GAGGING DISSENT

"The most successful tyranny is not the one that uses force to assure uniformity but the one that removes the awareness of other possibilities, that makes it seem inconceivable that other ways are viable, that removes the sense that there is an outside."

This is what Allan Bloom said, in his book "The Closing of the American Mind". As an American, he was writing in a country that explicitly protects freedom of speech in its constitution.

Freedom of speech is not given the same priority in the Australian constitution but in 1992, the High Court found that the constitution 'implied freedom of political communication'.

This doesn't mean equal access to media, however.

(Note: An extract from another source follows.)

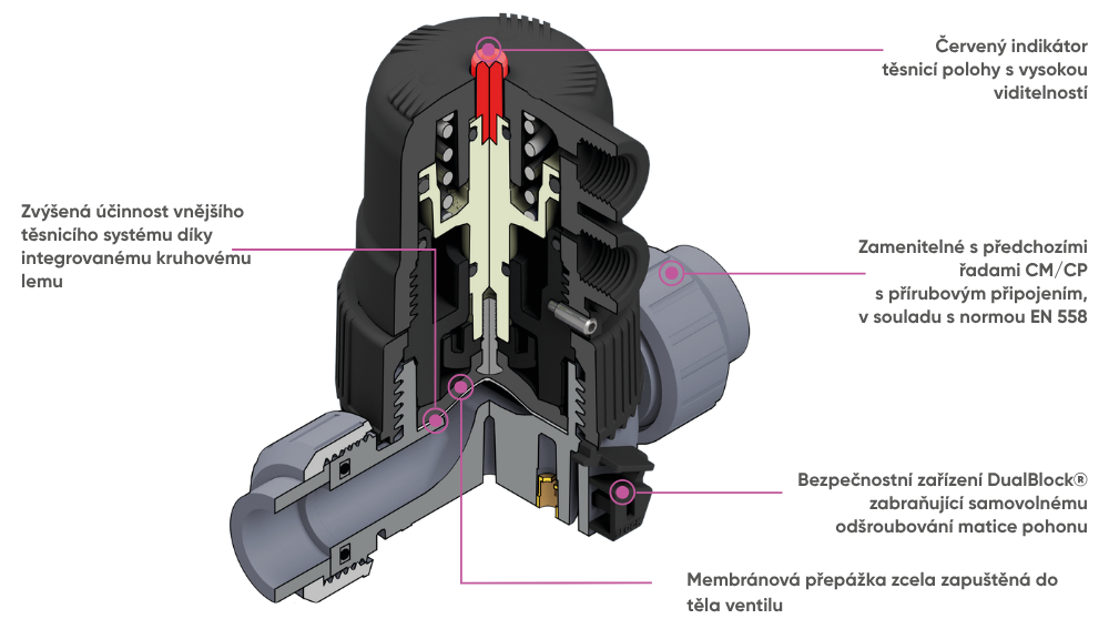 Nová membránová těsnění plně integrovaná do tělesa ventilu, chráněná proti deformaci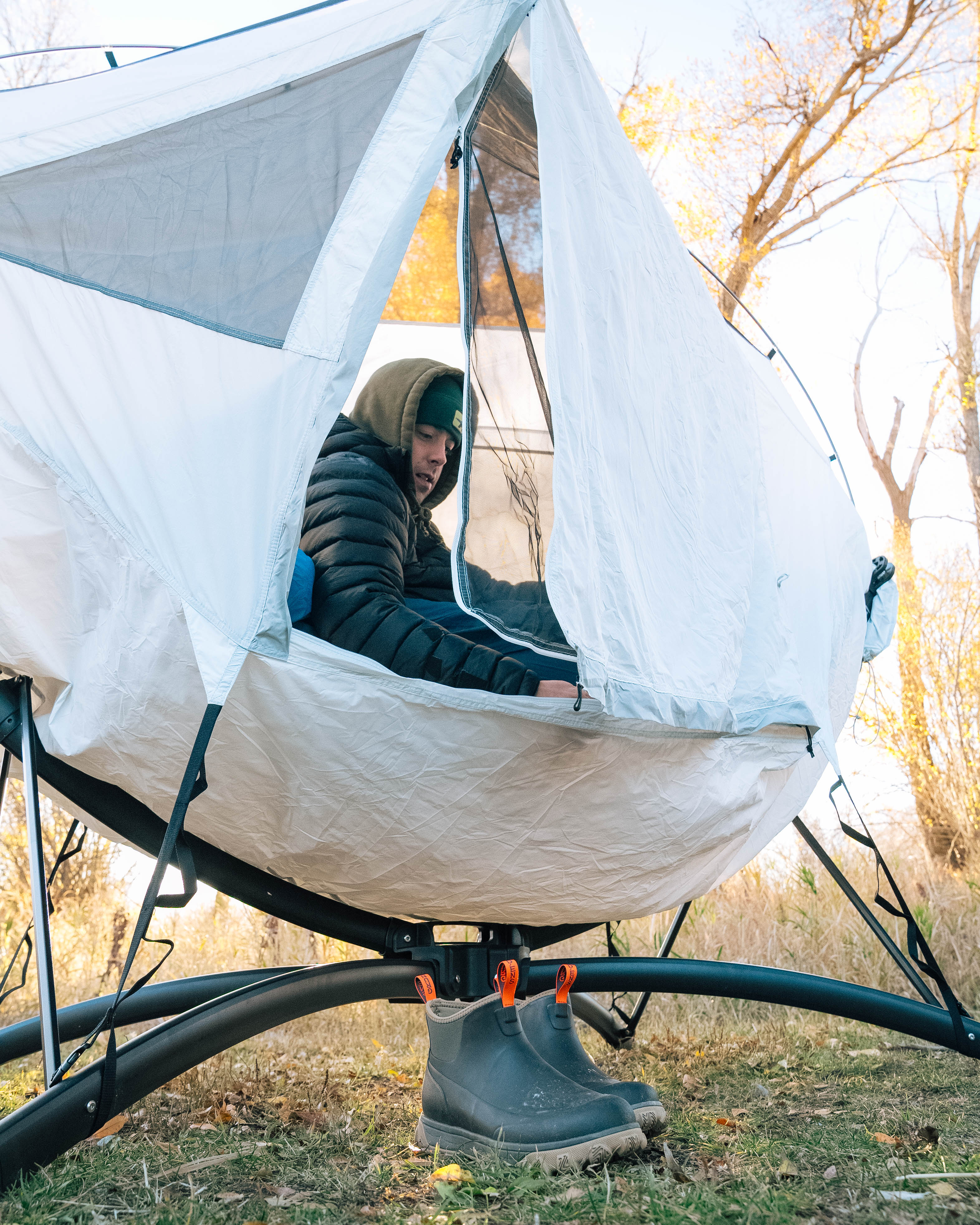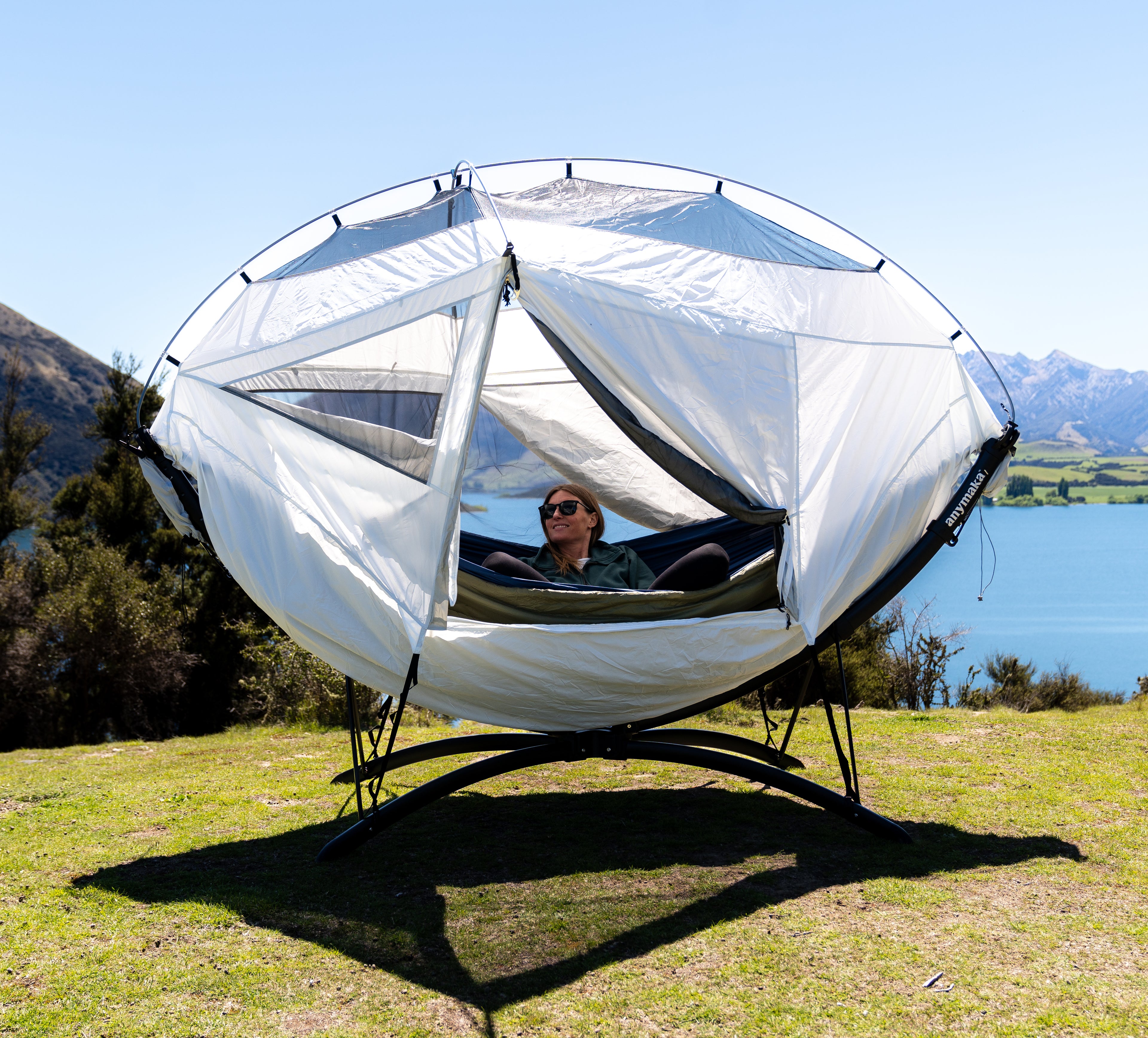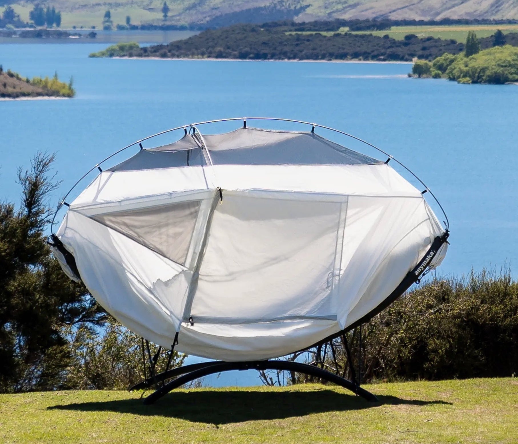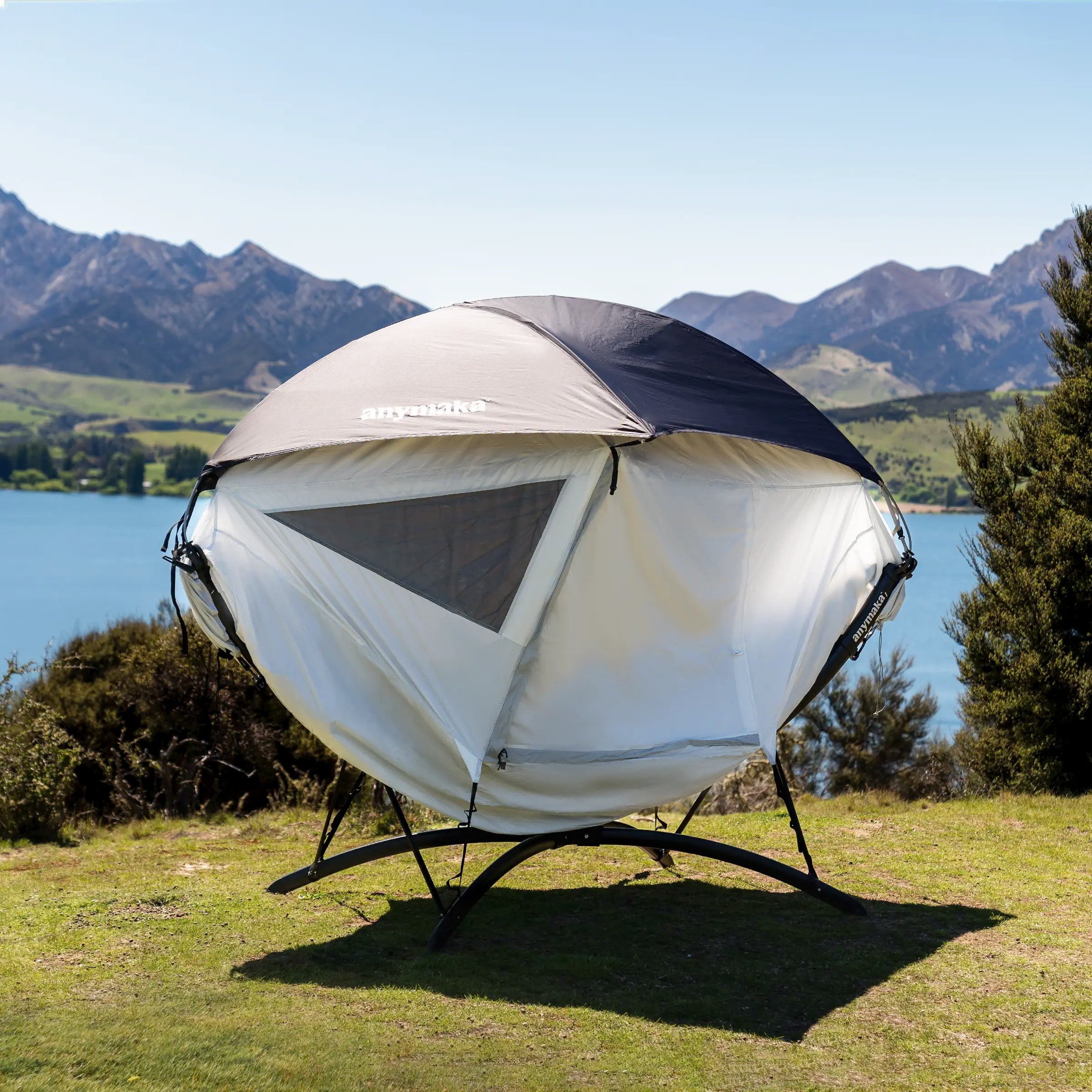 La tienda de campaña para hamaca anymaka, pionera en su categoría, transforma tu hamaca en un campamento base para acampar suspendido. Perfecta para llevarla en tu auto, combina la comodidad flotante de una hamaca con el refugio de una tienda de campaña.

While the Greens are scoring 7.2% of the vote across the country, the ABC in its national programs gave much less of the broadcast time devoted to political coverage in last year's federal election campaign. On AM and PM, coverage averaged 2%. On the 7:30 Report it was 5.7%, but on Insiders it was a paltry 0.2%.

And the High Court's decision hasn't stopped Gunns bringing a case against conservationists, politicians and environment groups for $6 million in economic torts or wrongs. Most of these alleged wrongs did not arise from any illegal activity, but rather from what Gunns is calling a 'corporate vilification' campaign. The techniques used included direct lobbying and use of media. Sounds like political communication to me.

The Gunns case is an example of SLAPP = strategic litigation against political protest. The Greens MPs have introduced a bill in the Tasmanian parliament to outlaw these types of cases. Similar bills will be introduced into other parliaments.

Given the High Court's 1992 decision, this shouldn't be necessary. But unfortunately, it is. Someone has to keep the bastards honest and protect the rights of everyone to express their views. Even if you may not agree with them.